Esos y otros detalles los desvelaron los reporteros especializados en la financiación de las campañas. Muchas televisiones se hicieron eco de lo que ocurría pero a muchos votantes no les importó.

10. El país que votó a Obama se ha entregado a Trump

Hillary Clinton ganó más votos que Donald Trump en todo el país. Los resultados completos no los tendremos hasta principios de diciembre cuando acabe el recuento, se diriman posibles disputas y se sume todo el voto por correo.

Pero los últimos datos indican que la candidata demócrata ganó unos 400.000 votos más que el republicano [Nota: al final del recuento, Clinton superó en casi tres millones de votos a Trump]. Aquí se van actualizando los datos cada día. Henry Olsen, el experto de Pensilvania que clavó el resultado, dice que seguirá creciendo la diferencia a favor de Clinton porque faltan votos de California. De hecho, es posible que al final la demócrata consiga casi tantos votos como Obama en 2012.

Trump ganó la suma de los votos del colegio electoral y esa suma es la que hace que alguien sea presidente en EEUU. Lo hizo sobre todo por unos 100.000 votos repartidos entre Wisconsin, Pensilvania y tal vez Michigan (aún no ha terminado el recuento allí).

El colegio electoral favoreció a Trump en este caso. Así ha sido siempre el sistema aunque la divergencia entre el voto popular y los votos del colegio electoral es poco habitual. En tiempos modernos sólo sucedió en 2000 y por menos diferencia de votos entre George W. Bush y Al Gore.

Los intentos de reformar el sistema para que cada persona valga un voto son casi tan viejos como el propio colegio electoral que inventaron Hamilton y Madison.
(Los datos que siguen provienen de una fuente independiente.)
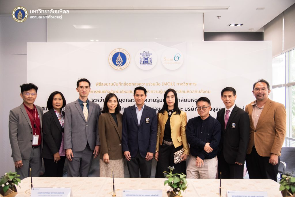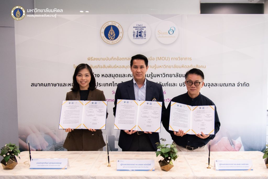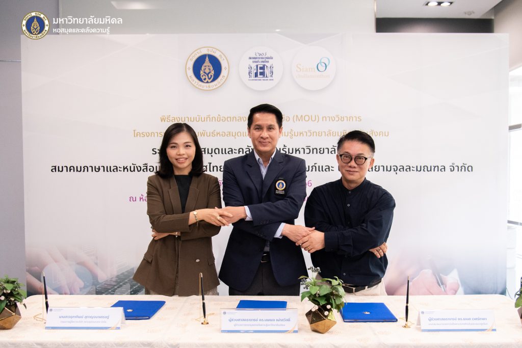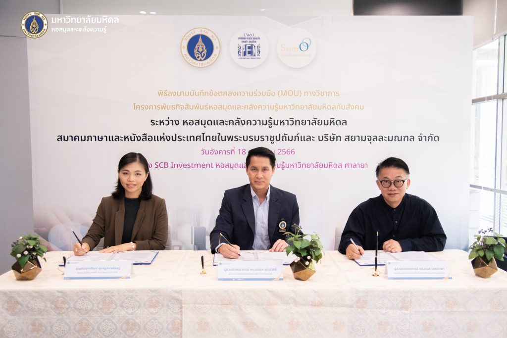 ผู้ช่วยศาสตราจารย์ ดร.นพพล เผ่าสวัสดิ์ ผู้อำนวยการหอสมุดและคลังความรู้มหาวิทยาลัยมหิดล พร้อมด้วย ผู้ช่วยศาสตราจารย์ ดร.ธเนศ เวศร์ภาดา นายกสมาคมภาษาและหนังสือแห่งประเทศไทย ในพระบรมราชูปถัมภ์ และคุณจุฑาทิพย์ สุกาญจนาเศรษฐ์ กรรมการผู้จัดการบริษัท สยามจุลละมณฑล จำกัด ร่วมกันลงนามบันทึกข้อตกลงความร่วมมือ (MOU) ทางวิชาการโครงการพันธกิจสัมพันธ์หอสมุดและคลังความรู้มหาวิทยาลัยมหิดลกับสังคม ระหว่างหอสมุดและคลังความรู้มหาวิทยาลัยมหิดล และสมาคมภาษาและหนังสือแห่งประเทศไทย ในพระบรมราชูปถัมภ์ ร่วมกับบริษัท สยามจุลละมณฑล จำกัด ในวันอังคารที่ 18 เมษายน 2566 ที่ผ่านมา ในโอกาสนี้ ดร.อภิภู สิทธิภูมิมงคล รองผู้อำนวยการฝ่ายเทคโนโลยีการศึกษาและพันธกิจพิเศษ กล่าวรายงานความเป็นมาและวัตถุประสงค์ฯ ในครั้งนี้ ณ ห้อง SCB Investment Lab ชั้น 1 อาคารหอสมุดและคลังความรู้มหาวิทยาลัยมหิดล ศาลายา

El dilema está explicado en detalle en este artículo de María en Univision.

11. Los americanos están a favor del muro y las deportaciones

El discurso agresivo de Trump contra los mexicanos podría hacer pensar que la mayoría de los ciudadanos de Estados Unidos comparte sus recetas sobre la inmigración. Pero las cifras de decenas de sondeos indican que eso no es cierto.
La mayoría de los votantes no comparte las recetas más radicales de su campaña. Si las aplica, será contra el criterio de la mayoría de la población.

Un 70% de quienes fueron a votar está a favor de legalizar a millones de indocumentados. Entre ellos, más de la mitad de quienes votaron por Trump. Un 54% está en contra de construir el muro en la frontera. Una iniciativa que costaría al menos 25.000 millones de dólares y que el Congreso controlado por los republicanos deberá aprobar.

Las deportaciones masivas son una medida muy impopular en Estados Unidos. La inmensa mayoría de la población se opone a expulsar a familias que no hayan cometido delitos graves. Según las cifras de los sondeos a pie de urna, sólo un 21% de quienes fueron a votar está a favor de hacerlo. Si tenemos en cuenta la abstención, ese porcentaje supone apenas un 11% de la población con derecho a voto en el país.